- [TASK DIRECTIONS]: Repeat precisely the line in which "Ice Arty Cats" occurs and all lines that follow it in the entries below. Pictures must be omitted.

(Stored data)
- Opening Delimiter -

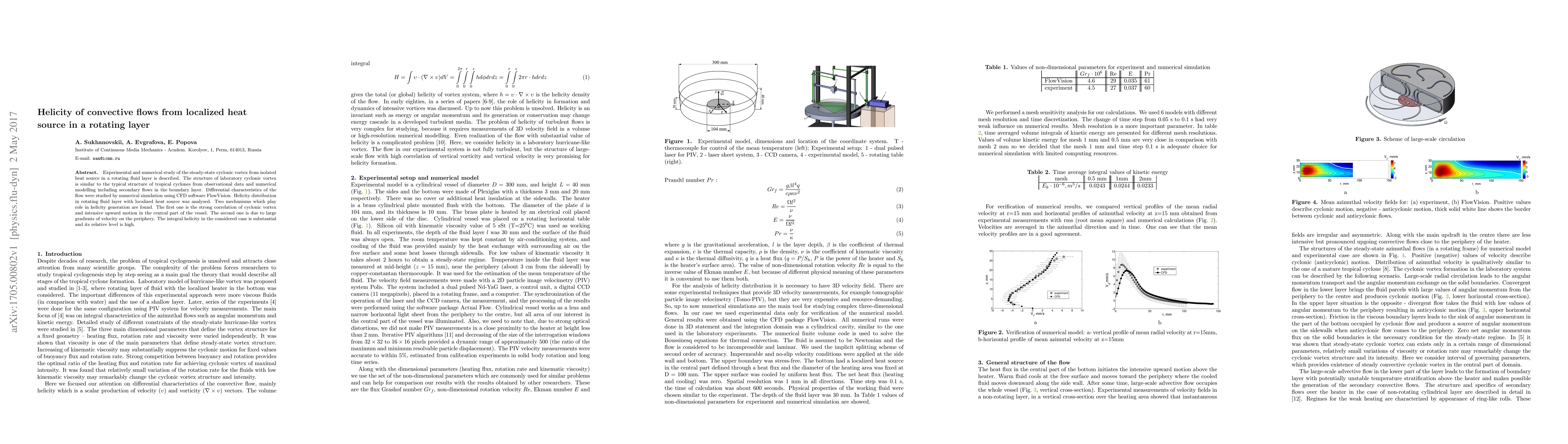 This study investigates the cyclonic vortex formed from a localized heat source in a rotating fluid layer, comparing experimental and numerical results. The research identifies two mechanisms for helicity generation: strong correlation between the cyclonic vortex and central upward motion, and large velocity gradients on the periphery.
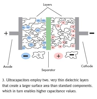 雙電層電容器(EDLC)正如它的字面意義那樣可以解決上述問題,它在相同的封裝內(nèi)增加了第二個電介層,這個電介層與第一層在中間隔離物的兩邊并行工作(圖3)。EDLC也采用無孔電介質(zhì),如活性碳、碳納米管、炭黑凝膠,并選用導電聚合物,其存儲容量要比標準的電解材料高出許多。額外層和更高效電介材料的這種組合能使電容容量提高近4個數(shù)量級。
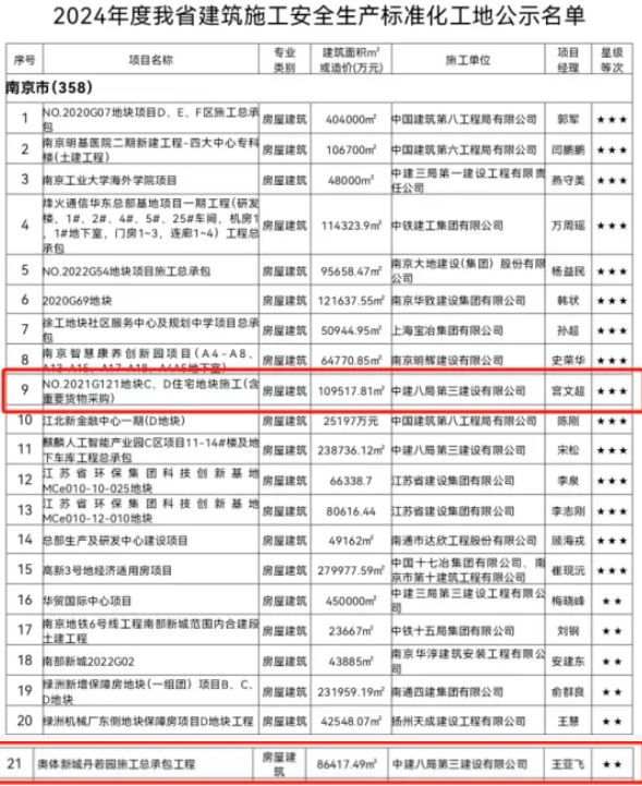 根據(jù)《南京市建設(shè)工程市級標(biāo)準(zhǔn)化工地評審辦法》,經(jīng)過嚴(yán)格評審程序,南京市城鄉(xiāng)建設(shè)委員會公布了2024年下半年南京市房屋市政工程安全文明標(biāo)準(zhǔn)化工地名單。河西集團(tuán)奧體建設(shè)開發(fā)的丹若園、江尚紫薇、瑞香園、錦尚紫蘭四個項(xiàng)目脫穎而出,獲此殊榮。這些項(xiàng)目涵蓋不同施工階段,均展現(xiàn)了奧體建設(shè)對安全文明施工的高度重視,為集團(tuán)后續(xù)同類項(xiàng)目施工管理樹立了良好典范。
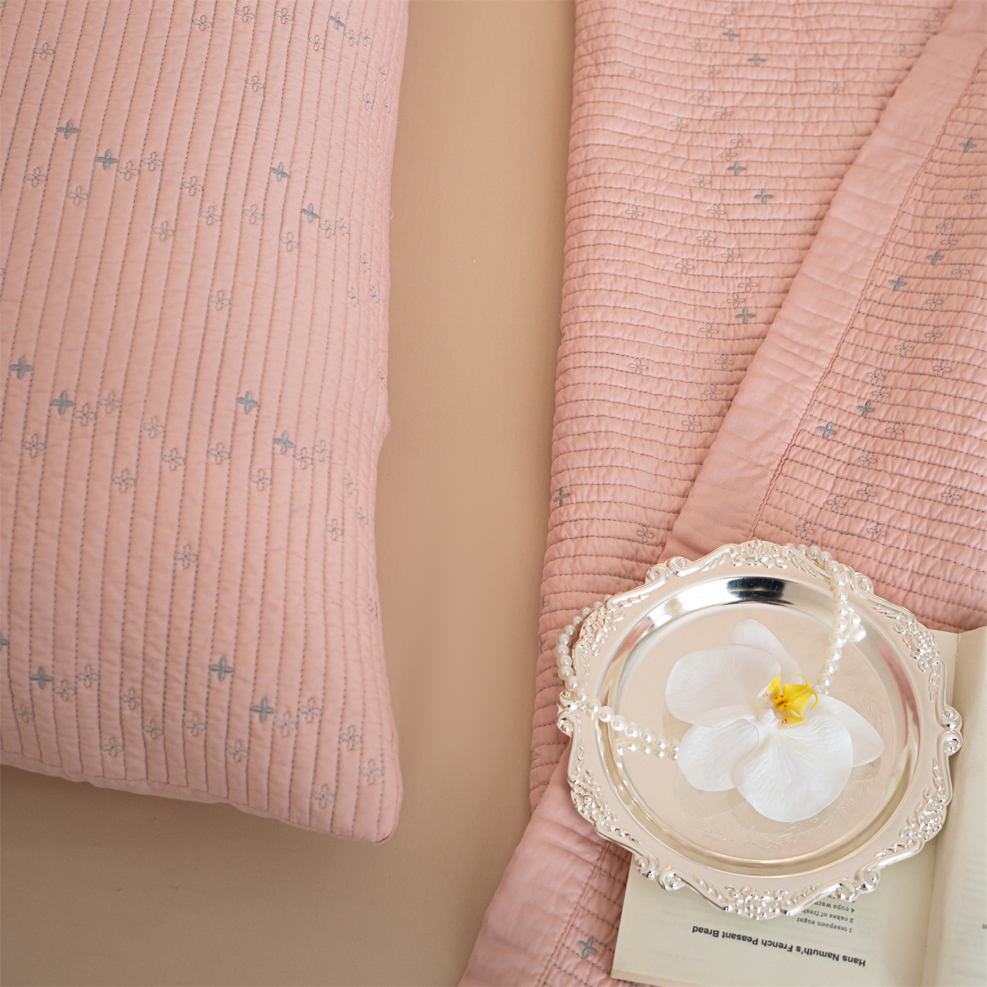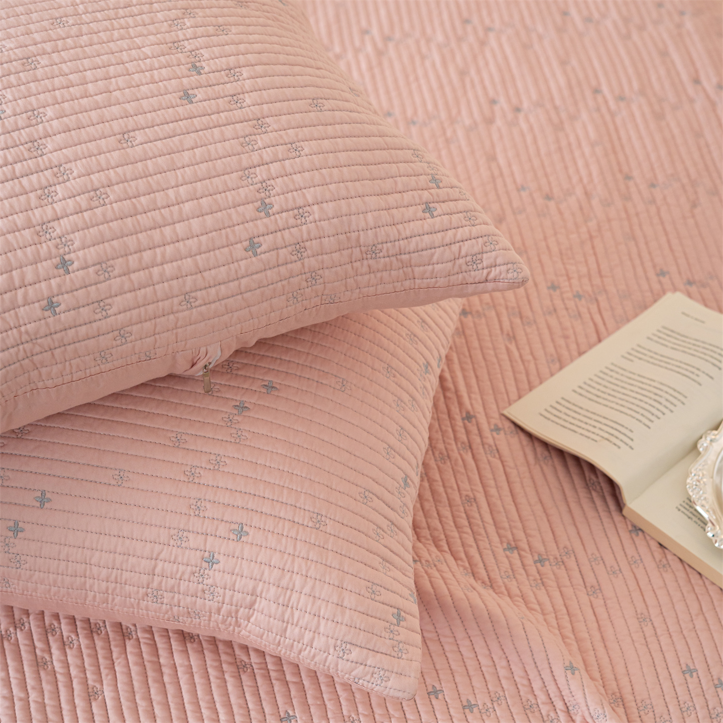 (总)床盖工厂店 2026新款双面水洗全棉填充棉花床盖三件套-朵拉系列,朵拉-粉,朵拉-灰,朵拉-咖,朵拉-绿,组合图
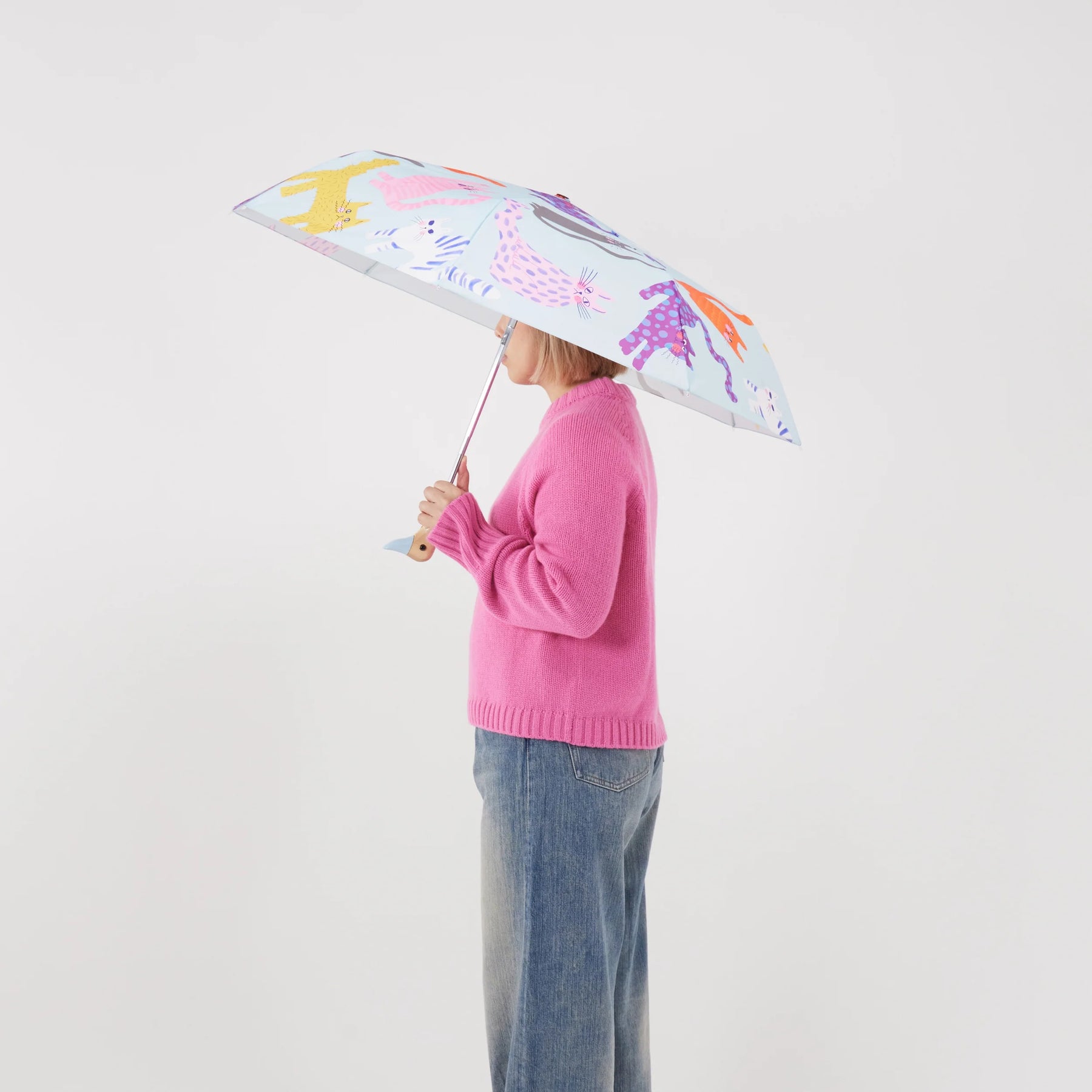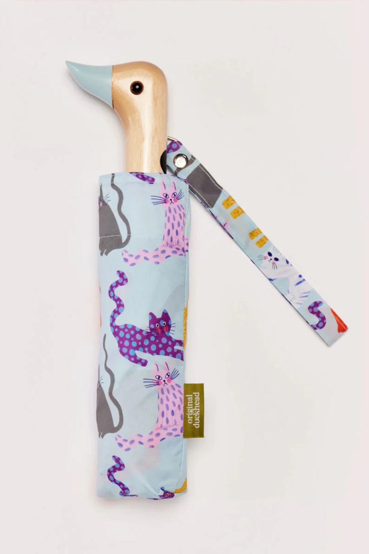 Ice Arty Cats Duck Umbrella fra Original Duckhead er en farverig, glad og ultra-chic paraply med de skønneste illustrerede katte på en kølig isblå bund. Den kombinerer leg, kvalitet og ansvarlighed – præcis som vi elsker det i Happy Fashion.
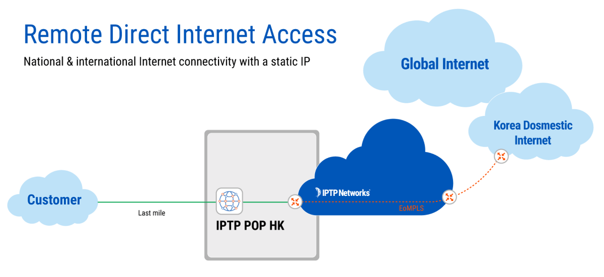 Para comenzar, nuestro cliente debe tener una conexión con nuestro Punto de Presencia (POP, por sus siglas en inglés). En este caso, primero deben conectar su última milla al POP IPTP en Hong Kong. Luego, les proporcionamos nuestro excelente servicio L2 EoMPLS desde nuestro POP en Hong Kong hasta nuestro POP en Corea. Por último, desde ese POP IPTP de Corea, suministramos nuestro servicio DIA para nuestro cliente, lo que le permite utilizar la dirección IP de Corea para acceder al Internet nacional de Corea, estando a miles de kilómetros de distancia.

- Closing Delimiter -

- [SOLUTION FOR THIS EXERCISE]:
 Ice Arty Cats Duck Umbrella fra Original Duckhead er en farverig, glad og ultra-chic paraply med de skønneste illustrerede katte på en kølig isblå bund. Den kombinerer leg, kvalitet og ansvarlighed – præcis som vi elsker det i Happy Fashion.
 Para comenzar, nuestro cliente debe tener una conexión con nuestro Punto de Presencia (POP, por sus siglas en inglés). En este caso, primero deben conectar su última milla al POP IPTP en Hong Kong. Luego, les proporcionamos nuestro excelente servicio L2 EoMPLS desde nuestro POP en Hong Kong hasta nuestro POP en Corea. Por último, desde ese POP IPTP de Corea, suministramos nuestro servicio DIA para nuestro cliente, lo que le permite utilizar la dirección IP de Corea para acceder al Internet nacional de Corea, estando a miles de kilómetros de distancia.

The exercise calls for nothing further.